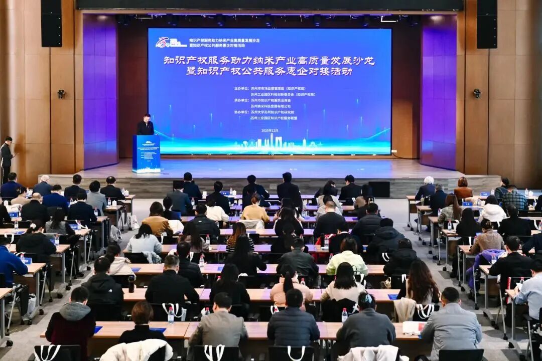 12月15日,知識產(chǎn)權服務助力納米產(chǎn)業(yè)高質(zhì)量發(fā)展沙龍暨知識產(chǎn)權公共服務惠企對接活動在園區(qū)納米城舉行。本次活動由蘇州工業(yè)園區(qū)科技創(chuàng)新委員會與蘇州市市場監(jiān)督管理局(知識產(chǎn)權局)聯(lián)合主辦,來自政府機構、科研院所、知識產(chǎn)權服務機構及納米產(chǎn)業(yè)企業(yè)共120余人參加了本次活動。
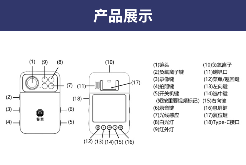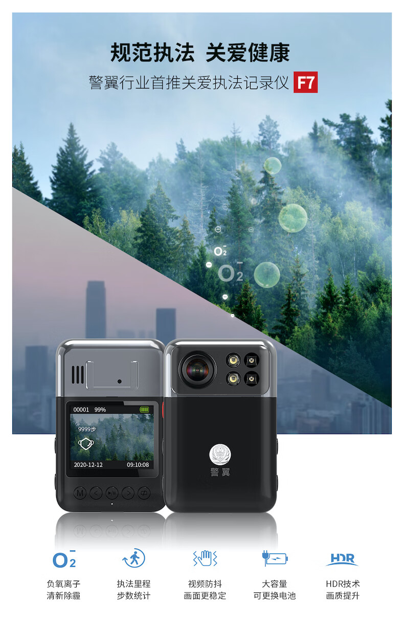 警翼 F7 通用无线电通信设备 强劲版执法记录仪10小时连续摄入1440P高清摄录高效视频编码 64G
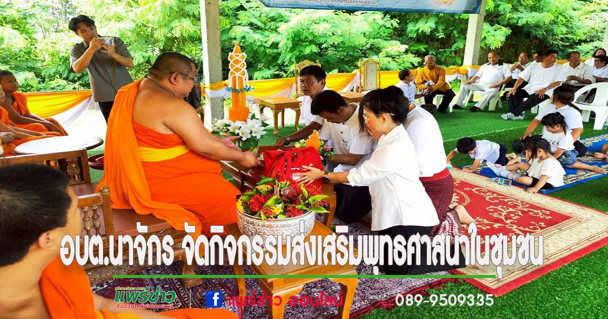 วันพุธที่ 9 กรกฎาคม 2568 องค์การบริหารส่วนตำบลนาจักร อำเภอเมืองแพร่ จังหวัดแพร่ นำโดย นายสุนนท์ จิตใจ นายกองค์การบริหารส่วนตำบลนาจักร พร้อมด้วยคณะผู้บริหาร พนักงานส่วนตำบล และพนักงานจ้าง ร่วมจัดกิจกรรมส่งเสริมวันสำคัญทางพระพุทธศาสนา เนื่องในวันอาสาฬหบูชาและวันเข้าพรรษา ประจำปี 2568
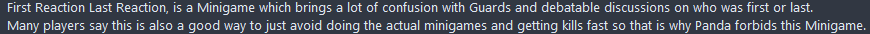 Soccer trivia is a game where all players afk freeze on the soccer field and the warden asks a trivia question. The first red to answer correctly gets to hit the ball. This process repeats until there's a winner. Recently I've seen an increasing number of players tell me that soccer trivia is illegal, but never any admins. I have seen an admin (and many players) say that "Diner minigames must be done inside diner" and "Trivia must be done inside trivia." But as far as I can tell neither of these are actually rules (you could argue it's common sense though.) In fact the rules do support wardens making their own minigames or variations on minigames as long as they're outside cell area. The only other argument I can see against soccer trivia is that it's too similar to "first reaction last reaction" since you can only win by answering first. However trivia and freeze dance are both similar to FRLR in the same way and are still allowed, so I don't really think that argument makes sense.
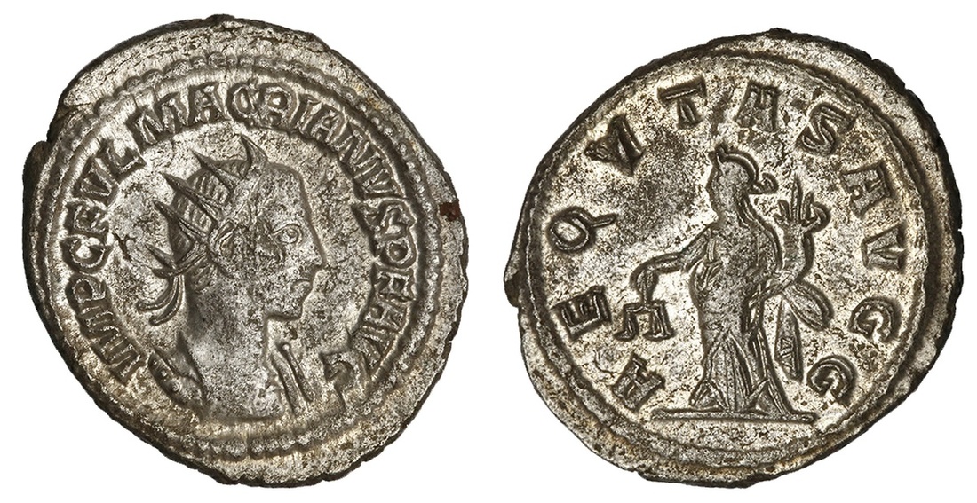 Roman Imperial. Macrianus, usurper (260-261). Billon Antoninianus, first emission. Samosata. 4.84 gms. Radiate, draped and cuirassed bust right, slight drapery, rev. Aequitas standing left. RIC 5, RSC 1var. Near Extremely Fine.
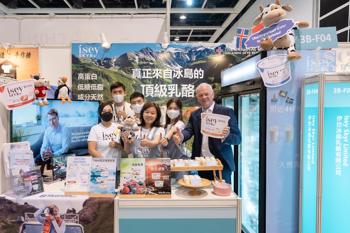 Illugi Gunnarsson(右)專程由冰島飛來香港,巡視美食博覽展位。(圖片:受訪者提供) Gunnarsson告訴香港新聞網,此次進軍香港也頗為看好香港乳酪零售業的發展前景。根據全球市場調研公司歐睿國際(Euromonitor International)發布的數據,由2021年至2026年,香港乳酪零售額將年均增長4.7%,達到13億港元(約1.67億美元),遠高於2017年至2021年的1.9%的年均增長率。目前香港各大超級市場裡已有不少品牌的冰島乳酪銷售,Ísey Skyr如何在眾多品牌中脫穎而出?Gunnarsson表示,他樂見眾多乳製品公司開始生產冰島風格的乳酪,並期待與這些品牌競爭。而Ísey Skyr擁有90多年製造冰島乳酪的經驗,“就像香檳,香檳是氣泡酒的一種,但並非所有氣泡酒都能被稱為香檳。真正的香檳只有一種。Skyr也是如此。”
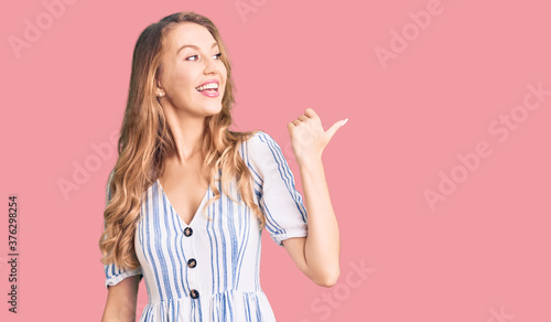 Young caucasian woman with blond hair wearing summer dress smiling with happy face looking and pointing to the side with thumb up.
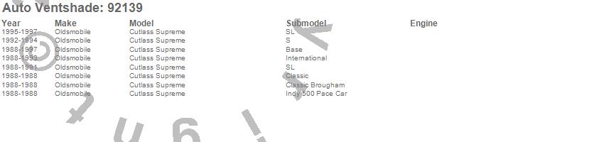 Below is an abbreviated list of applications for the Ventvisor Deflector 2 pc..Cutlass Supreme, Oldsmobile, 1997, 1996, 1995, 1994, 1993, 1992, 1991, 1990, 1989, 1988
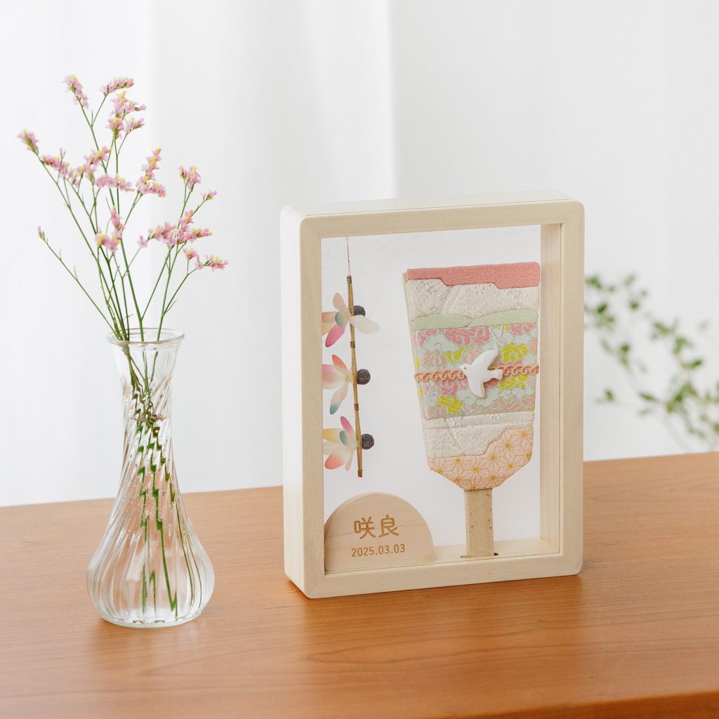 木製ボックスフレームの中に、やさしい雰囲気の羽子板と飾り羽根が詰まったセットです。

Exercise brief: Your task is to repeat the opening line of the entries above and each line after it, ending with the line that has "วันพุธที่ 9 กรกฎาคม". Do not include the pictures.

Solution to the exercise:
 12月15日,知識產(chǎn)權服務助力納米產(chǎn)業(yè)高質(zhì)量發(fā)展沙龍暨知識產(chǎn)權公共服務惠企對接活動在園區(qū)納米城舉行。本次活動由蘇州工業(yè)園區(qū)科技創(chuàng)新委員會與蘇州市市場監(jiān)督管理局(知識產(chǎn)權局)聯(lián)合主辦,來自政府機構、科研院所、知識產(chǎn)權服務機構及納米產(chǎn)業(yè)企業(yè)共120余人參加了本次活動。
 警翼 F7 通用无线电通信设备 强劲版执法记录仪10小时连续摄入1440P高清摄录高效视频编码 64G
 วันพุธที่ 9 กรกฎาคม 2568 องค์การบริหารส่วนตำบลนาจักร อำเภอเมืองแพร่ จังหวัดแพร่ นำโดย นายสุนนท์ จิตใจ นายกองค์การบริหารส่วนตำบลนาจักร พร้อมด้วยคณะผู้บริหาร พนักงานส่วนตำบล และพนักงานจ้าง ร่วมจัดกิจกรรมส่งเสริมวันสำคัญทางพระพุทธศาสนา เนื่องในวันอาสาฬหบูชาและวันเข้าพรรษา ประจำปี 2568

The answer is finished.